Lowering uric acid improves endothelial dysfunction in type 2 diabetes with hypertension,19 in heart failure,20,21 and in heavy smokers22; improves exercise tolerance in patients with stable angina23; and slows the rate of decline of renal function in patients with chronic kidney disease.24

What is lacking, however, is a good prospective study of uric acid lowering with hard endpoints, such as cardiovascular mortality, MI, and stroke. Until we have that, it would be premature to suggest adding drug-based uric acid lowering to the list of interventions for reducing cardiovascular risk. How about population-based strategies for lowering uric acid levels, as well as reducing obesity and the metabolic syndrome, such as lowering fructose intake or (dare I say it?) persuading the food industry to reduce the fructose content of processed foods? There is, alas, not much hope of that. It may be easier to persuade patients to reduce their consumption of fructose-sweetened drinks and food.

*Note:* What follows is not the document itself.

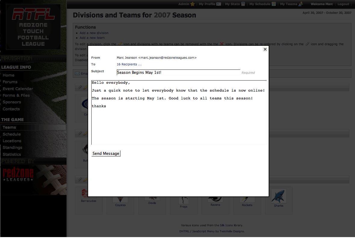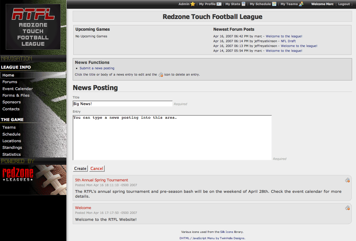 Administrators can post news items to the home page of all Redzone sites. This is a great way to post announcements to the league or anything else you want to share with your membership.

The other dietary source of uric acid, purines, are impossible to regulate, but high-risk individuals with hyperuricemia or possibly even high normal uric acid levels might reasonably be advised to avoid purine-rich foods, such as liver, sweetbreads, kidneys, beef, pork, seafood, sardines, several other meats and fish, and some legumes. Not much left to satisfy the gourmet palate, but that may be the price some of us need to pay for better cardiovascular health.